Last Friday, the U.S. Supreme Court agreed to review a free speech case with potentially far-reaching implications for employees of public institutions. If college athletes are recognized as employees, they could have a stake in the outcome.
The boundaries of free speech for college athletes have arguably never been more meaningful. Many use social media to opine on cultural trends and political controversies. Many also generate earnings from licensing their name, image and likeness for endorsements and sponsorships. In some states, high school athletes also enjoy NIL opportunities, while others are suing to reap the same.
Meanwhile, some college athletes are pursuing recognition as employees, which could allow them to unionize in some jurisdictions. In Johnson v. NCAA, a group of college athletes maintain they are employees under the Fair Labor Standards Act. Other efforts, including an unfair labor practice charge filed by College Basketball Players Association co-director Michael Hsu, invoke the National Labor Relations Act.
Employee recognition, and possible unionization, are complex legal topics, but the trajectory of college sports suggests that at some point, college athletes will gain employee status. That status could mean very different things. FLSA recognition, for example, would guarantee minimum wage and overtime pay but not lucrative salaries. Still, it would mark a major shift.
As employees, college athletes would be bound by workplace restrictions on speech, just as they’re bound by athletic department and coaches’ rules. How their public commentaries, shared with their large followings, intersect with workplace and team responsibilities could spark questions for them as well as for coaches and university human resources departments. And, as the Supreme Court explored last year in Mahanoy Area School District v. B.L., the distinction between school authority over on-campus and off-campus has grown hazier with technological advancements.

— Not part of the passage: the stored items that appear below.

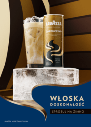 Marka Lavazza wkracza w segment gotowych do spożycia kaw mrożonych i wraz z partnerem, firmą PepsiCo, wprowadza na rynek dwie nowości: Cappuccino oraz Double Espresso. Jako ikona włoskiego stylu, Lavazza od ponad 120 lat oferuje niepowtarzalny smak kawy w każdej możliwej formie. Dostępne już w sklepach nowe kawy do spożycia na zimno, łączące niepowtarzalny i aksamitny smak uznanej włoskiej kawy i najwyższej jakości polskie mleko, produkowane i dystrybuowane są we współpracy z firmą PepsiCo. Partnerska współpraca pozwoli na zaproponowanie konsumentom zupełnie nowych produktów spożywczych, a tym samym konsekwentne poszerzanie oferty PepsiCo w odpowiedzi na zmieniające się gusta i oczekiwania konsumentów.
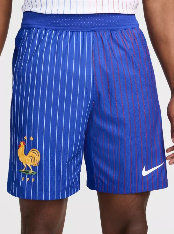 Deux modèles de shorts viennent compléter la tenue : une version blanche avec un liseré tricolore au-dessus du genou, ou une version bleue reprenant les rayures du maillot, blanches et rouges cette fois.
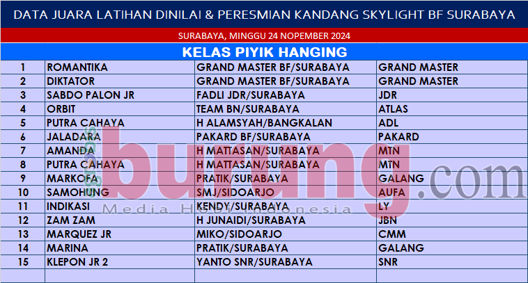 SURABAYA, agrobisburung.com – Memasuki hari tenang jelang Pilkada 2024, Ming Skylight menggelar latihan dinilai pada Minggu (24/11) yang sekaligus untuk syukuran kepindahan markas dan kandang baru Skylight BF Surabaya. Latihan dinilainya dilaksanakan sangat rileks karena hanya memainkan kelas piyik hanging dengan jumlah peserta hanya 60 saja. Ming Skylight mengatakan bahwa acara ini memang tidak banyak mengundang kungmania secara umum karena acara latihan dinilai yang 1 blok hanging dan juga dibarengi acara peresmian kepindahan di kandang baru Skylight BF dari markas lamanya.
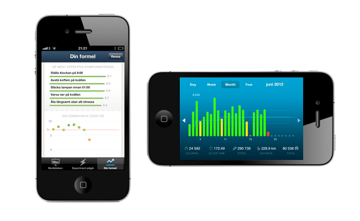 Det krävs lite life hacking för att komma över detta problem. Något jag testat är att kombinera Nike fuelband med vår app Sömnformeln. Med Nike Fuelband sätter man upp mål för hur mycket man vill röra sig på en dag. Armbandet är en typ av stegräknare som fångar in all typ av aktivitet. Twisten med denna produkt är att Nike skapat sin egna enhet “fuel” som alltså är ett mått på hur mycket du rört dig. Som exempel så gav en aktiv dag med gym, cykling och klättring ca 6000 fuels och en dag fylld av skateboardåkande ca 5400 fuels. Min kollega Oskar har skrivit en fantastisk recension av Fuelband här. Det jag börjat undersöka med hjälp av Sömnformeln är att se hur pass mycket bättre jag sover efter en aktiv dag än efter en mer stillsam dag. De flesta är nog överens att träning bäddar för en god natts sömn men för mig som är galen i siffror är det kul att se exakt vilken påverkan fysisk aktivitet har på min sömn.

That leads to Kennedy v. Bremerton School District. The case involves Joseph Kennedy, who was an assistant football coach at Bremerton (Wash.) High School between 2008 and 2015. After games he routinely kneeled at the 50-yard line and prayed quietly for about 15 to 30 seconds. He gave thanks for “player safety, sportsmanship and spirited competition.” Players sometimes joined him. Kennedy also gave short speeches that referenced his Christian faith.
School district administrators objected. A coach leading prayer alongside students, they concluded, risked the appearance of the district, through Kennedy, endorsing a religion. It also, they concluded, violated district rules governing employees. Kennedy was put on administrative leave and left his job.
Kennedy sued, claiming the district had violated his First Amendment free speech rights. He lost, first at a district court and then at the U.S. Court of Appeals for the Ninth Circuit. Kennedy’s practices were deemed incompatible with the First Amendment’s Establishment Clause, which bars the government—including public schools—from endorsing or sponsoring religion.
Kennedy might fare better at the Supreme Court. The Roberts Court has consistently taken the side of religious exercise in previous cases, and six of the nine justices are conservative. Also, granting certiorari suggests the justices might suspect the lower courts erred.
The Supreme Court has considered school prayer before. In 1962, the Court held that public schools can’t require prayer. Other Supreme Court decisions compel public schools to adopt a neutral stance toward religions. Lower courts have weighed in as well. In Borden v. Township of East Brunswick, the U.S. Court of Appeals for the Third Circuit allowed a public school to prohibit a football coach from bowing his head during grace and kneeling with players in prayer.
An oral argument for Kennedy v. Bremerton School District hasn’t yet been scheduled but is expected to be held in the months ahead. Kennedy has attracted supportive amicus briefs by former Clemson coach Tommy Bowden and two retired NFL players, Chad Hennings and former U.S Rep. Steve Largent.
In rendering a decision on the narrow set of facts concerning Kennedy, the Court might opine more generally on free speech rights in the public employment context. Those viewpoints could be cited as authority in subsequent employee speech cases unrelated to religion. Consider the federal lawsuit filed last month by four minor-league baseball teams against MLB. The lawsuit relies heavily on Justice Neil Gorsuch’s discussion of MLB in NCAA v. Alston—a U.S. Supreme Court case about college athletes, not pro baseball—to argue that MLB should no longer enjoy an antitrust exemption.
How the court decides Kennedy could present yet another example of the high court leaving its mark on athletics.